If you're working on backend systems, I reckon that this is part of the job. Sometimes orgs or teams end up specialised, where one team might focus on writing the application code and a second team focuses on deploying and operating the application in production. Again, I wouldn't expect a junior hire with no prior work experience to have much ability or intuition about what "production" means or practical experience deploying stuff, since that comes from actually working with production systems, and how you do that exactly is usually quite tech stack specific (if the team deploys to windows VMs or "serverless" in AWS or containers in GKE or ships a windows installer package for the clients to download or so on).

If you've mainly done development of application code and haven't worked that much with building and running production services, I can recommend having a read through Nygard's book "release it!" . It mainly focuses on how to improve reliability and availability of services, which is only going to matter for some roles -- e.g. if you join a team that still ships desktop software in this day and age and doesn't run any services then it may not be that relevant.

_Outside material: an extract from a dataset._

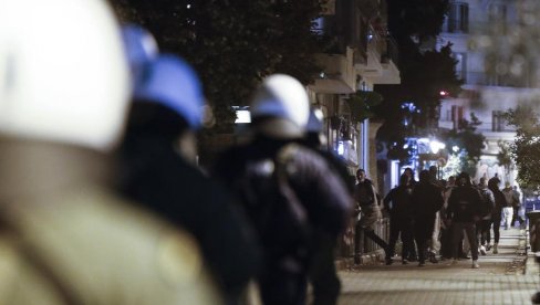 Došlo je do kraćeg sukoba na mitingu u centru Atine, kada je policija zaustavila demonstrante koji su blokirali saobraćaj u blizini premijerove zvanične rezidencije.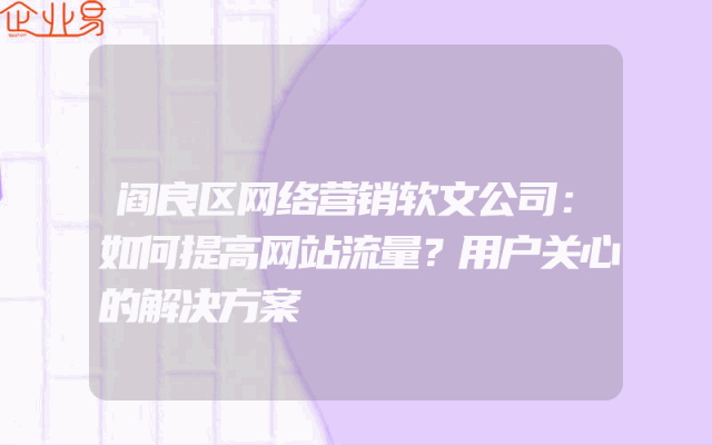 - 阎良区网络营销软文公司:如何提高网站流量?用户关心的解决方案

posted by are-coral-made at 1:44 PM on November 30, 2021 [1 favorite]


FWIW, I made a similar transition about three years ago from Data Analyst/Excel Monkey to SWE. I spent three months at Recurse Center and it was amazing - sort of the opposite of a boot camp experience and I worked on a whole bunch of fun and educational things. I now work as an engineer for a data product company, and my background as a data user is super helpful. We've hired at least one other person with a data science background, and plenty of others with totally unrelated backgrounds who could demonstrate that they had built things beforehand. Feel free to PM me if you'd like to chat.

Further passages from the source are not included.